Noé Soulier : C'est une phrase qui m'avait beaucoup intrigué. Pour moi, c'est une énigme qui demeure stimulante. Que pourrait être cette lecture radicalement nouvelle de l'héritage que nous recevons ? Le Royaume des ombres est en relation directe avec l'héritage de la danse classique. J'ai réalisé plusieurs pièces qui poursuivent cette recherche, notamment Signe blanc et Corps de ballet avec le Ballet de Lorraine, où j'essayais de déployer spatialement et temporellement la structure interne du vocabulaire de la danse classique. J'ai tenté de me glisser dans les interstices du vocabulaire pour révéler cette structure en la détournant ou en la perturbant.
Dans d'autres projets, comme Mouvement sur mouvement, je me penche sur les modes d'appréhension du mouvement qui sous-tendent les pratiques chorégraphiques. Comment les mouvements sont-ils définis et quelles stratégies sont employées pour rendre visibles ces modes de définitions du mouvement ? Ces modes d'appréhension offrent différentes focales d'attention sur le mouvement et sur le corps. La manière dont on conçoit le mouvement affecte profondément l'expérience que l'on en fait. Par le discours et par les gestes, j'ai essayé de chorégraphier la manière dont on prête attention au mouvement plus que les mouvements eux-mêmes.
A.L. : Removing est la pièce que vous présentez au Théâtre de la Bastille. Comment nous l’expliquer alors qu’elle n’est pas encore créée ?
N.S. : Dans Removing, la relation à l'histoire de la danse est encore différente. Elle est plus souterraine mais demeure très présente pour moi. La pièce s'appuie sur l'analyse des modes de définition et de monstration du mouvement que j'ai développés dans Mouvement sur mouvement. Les mouvements sont définis par des buts pratiques comme frapper, éviter, attraper, se déplacer, aller au sol, etc. Ce mode de définition est très riche, il permet de capturer certains paramètres qui échappent à d'autres approches comme la dynamique, le tonus musculaire, l'investissement corporel ou les affects qui accompagnent le mouvement. Les séquences sont structurées de manière à ce que les buts pratiques soient présents dans l'intention du danseur, sans être immédiatement identifiables pour les spectateurs. Cela permet de focaliser l'attention sur le mouvement lui-même et non sur la reconnaissance de l'action et de rendre possible de multiples interprétations d'un même mouvement.

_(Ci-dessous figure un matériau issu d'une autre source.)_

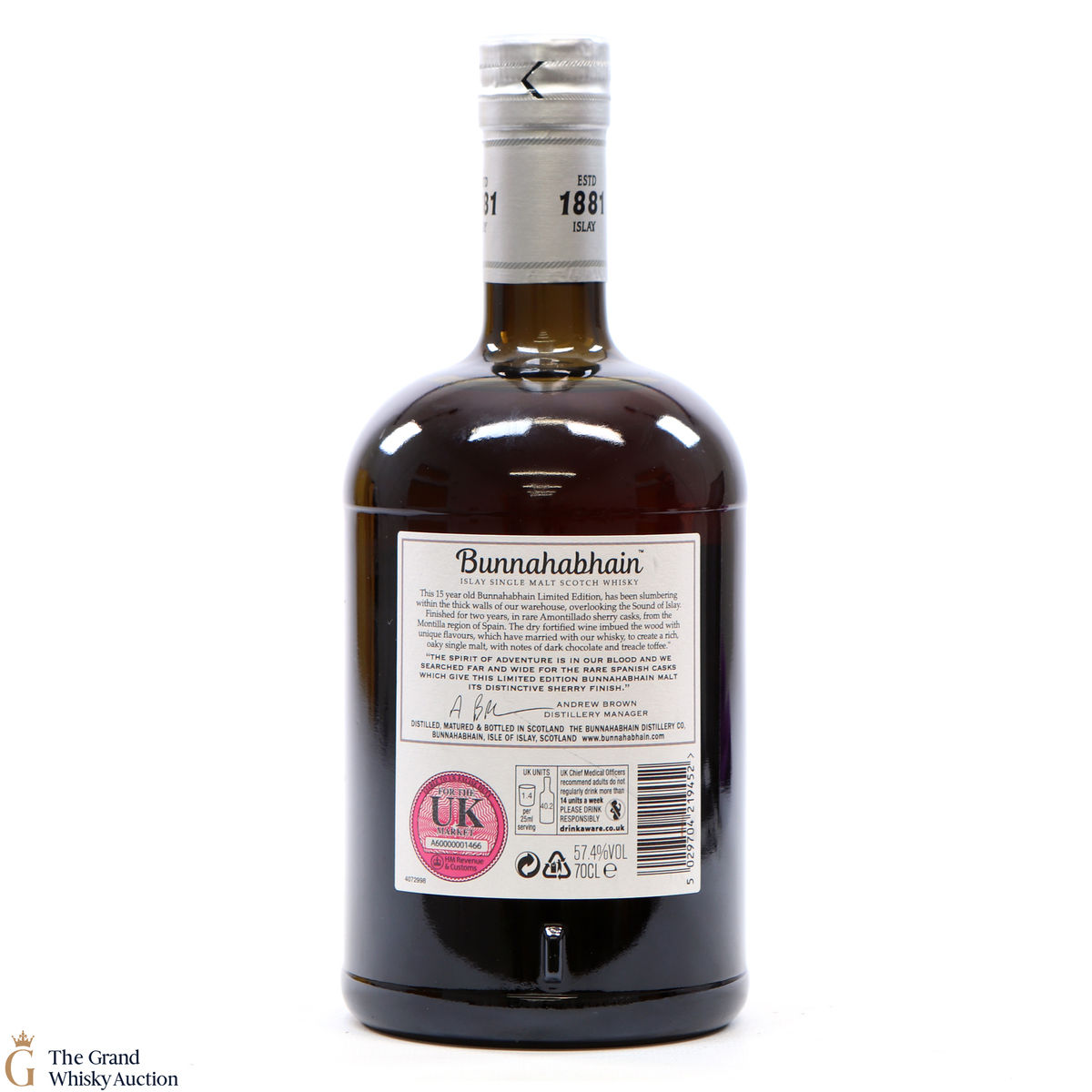 This is a 2019 distillery exclusive from Bunnahabhain Distillery. This Amontillado Cask Finish limited edition started life on the 20th of February 2003 in refill hogsheads before being transferred to Amontillado sherry hogsheads on the 26th of February 2016 where it spent two more years maturing in Bunnahabhain's coastal warehouses.

On joue sur différents niveaux d'unisson pour orienter l'attention sur certains paramètres du mouvement. L'unisson permet de faire apparaître ce qu'il y a de commun entre différentes interprétations d'une même séquence de mouvement. On travaille avec des unissons partiels où seuls certains paramètres sont communs. On perçoit alors qu'il y a quelque chose de commun sans pouvoir dire exactement de quoi il s'agit. Cela oriente le regard sans imposer une lecture donnée. On obtient aussi une vibration particulière entre les danseurs car c'est une manière très particulière de danser ensemble.
A.L. : La densité des gestes de Removing provient notamment du jiu-jitsu brésilien, art martial qui se concentre sur le combat au sol. Pourquoi emprunter cet art et comment expliquez-vous que le combat soit une ressource pour la danse ?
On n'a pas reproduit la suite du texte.